For new deployments without existing Kerberos infrastructure, SCRAM-SHA-512 over TLS is the most practical starting point. For cloud-native environments with identity provider integration, OAUTHBEARER is increasingly common.

Authorization (ACLs): Kafka ACLs grant or deny operations (Read, Write, Create, Delete, Describe, and others) on resources (topics, consumer groups, clusters) to principals (users, service accounts). ACLs are managed via kafka-acls.sh or the admin API. In KRaft clusters, use StandardAuthorizer rather than the legacy AclAuthorizer, which required ZooKeeper.

Encryption in transit: Configure TLS on broker listeners by setting a keystore and truststore.

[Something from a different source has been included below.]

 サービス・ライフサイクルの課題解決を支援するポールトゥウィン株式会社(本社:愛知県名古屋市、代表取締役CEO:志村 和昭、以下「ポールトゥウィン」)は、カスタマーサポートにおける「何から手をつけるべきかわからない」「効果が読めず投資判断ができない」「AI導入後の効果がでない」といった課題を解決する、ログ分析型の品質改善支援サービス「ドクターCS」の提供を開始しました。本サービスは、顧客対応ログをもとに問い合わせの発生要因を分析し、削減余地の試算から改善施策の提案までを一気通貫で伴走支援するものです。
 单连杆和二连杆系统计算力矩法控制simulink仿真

All inter-broker communication should also use TLS (security.inter.broker.protocol=SSL). mTLS (mutual TLS) is used in environments that want the broker to authenticate clients via client certificates, rather than relying on SASL.

Network isolation: Kafka brokers should not be exposed to the public internet. Place them in private subnets, restrict inbound access to known application IP ranges via security groups or firewall rules, and use separate listener configurations if you need to expose Kafka to both internal and external clients with different security settings (listeners and advertised.listeners).

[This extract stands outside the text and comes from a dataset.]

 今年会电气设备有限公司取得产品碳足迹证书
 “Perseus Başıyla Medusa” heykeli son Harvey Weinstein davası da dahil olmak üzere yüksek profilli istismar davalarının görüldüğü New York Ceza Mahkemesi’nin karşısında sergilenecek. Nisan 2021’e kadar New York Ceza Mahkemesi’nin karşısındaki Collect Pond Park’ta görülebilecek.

Schemas and schema registry

Without schema management, a Kafka topic is a sequence of untyped bytes. Any producer can write any format; any consumer must be written to match. This implicit contract fails silently: a producer change that modifies a field type or removes a required field can break consumers without warning, and the break is discovered at deserialize time, not at produce time.

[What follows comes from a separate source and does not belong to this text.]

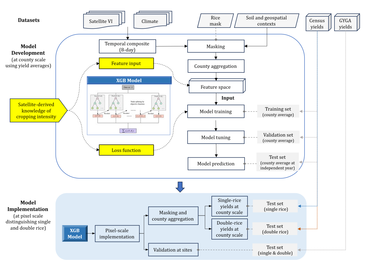 中國科學(xué)院深圳先進技術(shù)研究院數(shù)字所陳勁松研究員、王靖雯助理研究員,聯(lián)合北京大學(xué)等研究人員在Computers and Electronics in Agriculture上發(fā)表了題為“A knowledge-informed machine learning (KIML) approach to disentangle single- and double-season rice yields and attainable yield gaps in the mixed cropping systems”的研究論文。論文提出了一種知識引導(dǎo)的機器學(xué)習(xí)建??蚣埽行Э朔藗鹘y(tǒng)AI模型對目標(biāo)樣本數(shù)據(jù)的強依賴問題,首次在弱樣本條件下實現(xiàn)了對南方單雙季稻混作區(qū)產(chǎn)量構(gòu)成的精準(zhǔn)識別與未來增產(chǎn)潛力的量化評估。
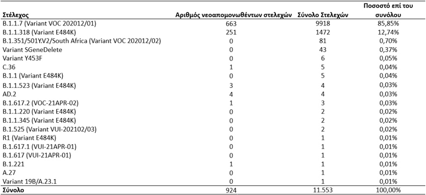 Εκ των 664 δειγμάτων με στελέχη ειδικού ενδιαφέροντος, τα 663 αφορούν στο Β.1.1.7/UK lineage (Variant VOC 202012/01) και 1 αφορά στο B.1.617.2 (VOC-21APR-02), ενώ τα 251 δείγματα με στελέχη VUI αφορούν στο B.1.1.318 (Variant E484K). Επιπλέον, αναδείχθηκαν 3 δείγματα με στέλεχος B.1.1.523 (Variant E484K), 4 δείγματα με στέλεχος AD.2, 1 δείγμα με στέλεχος Β.1.221 και 1 δείγμα με το στέλεχος C.36 (στέλεχος υπό παρακολούθηση, Variant Under Monitoring)

A schema registry solves this by storing schemas centrally and embedding a schema ID in each record. Before a producer serializes a record, it registers the schema (if not already registered) and encodes the schema ID as a prefix in the record value, using the Confluent wire format: a magic byte, a 4-byte schema ID, then the serialized payload. Consumers look up the schema by ID before deserializing. Incompatible schema changes are rejected at produce time.

Supported formats: All major schema registries support Avro, Protobuf, and JSON Schema. Avro is the most widely deployed in Kafka ecosystems; Protobuf is common in organizations already using gRPC; JSON Schema is convenient but produces larger payloads and is less strict about types.

Compatibility modes: The registry enforces schema evolution rules per-subject:

  • BACKWARD: New schema can read data written by the previous schema. Safe for consumers to upgrade before producers.
  • FORWARD: Previous schema can read data written by the new schema. Safe for producers to upgrade before consumers.
  • FULL: Both backward and forward compatible. The safest setting for most production topics.
  • NONE: No compatibility checking.

Registry implementations:

  • Confluent Schema Registry: The most widely deployed implementation. Defines the wire format that most Kafka serializers expect. Available as open source under a mix of Apache 2.0 and Confluent Community License terms, or as a managed service in Confluent Cloud.
  • Apicurio Registry: Fully Apache 2.0 licensed. Supports Avro, Protobuf, and JSON Schema. Compatible with the Confluent wire format, making it a drop-in alternative for clients using standard Confluent serializers. Maintained by Red Hat.
  • AWS Glue Schema Registry: Managed service integrated with MSK and other AWS services. Supports Avro and JSON Schema; Protobuf support was added more recently. Uses a different wire format from Confluent, requiring Glue-specific serializers.

For self-managed clusters or environments where license terms matter, Apicurio is the best-maintained open-source alternative to Confluent Schema Registry.

Kafka Connect

Kafka Connect is a framework for building and running connectors that move data between Kafka and external systems. Rather than writing custom producer or consumer applications for each system integration, you configure a connector with a set of properties, and Connect handles serialization, offset tracking, error handling, and parallelism.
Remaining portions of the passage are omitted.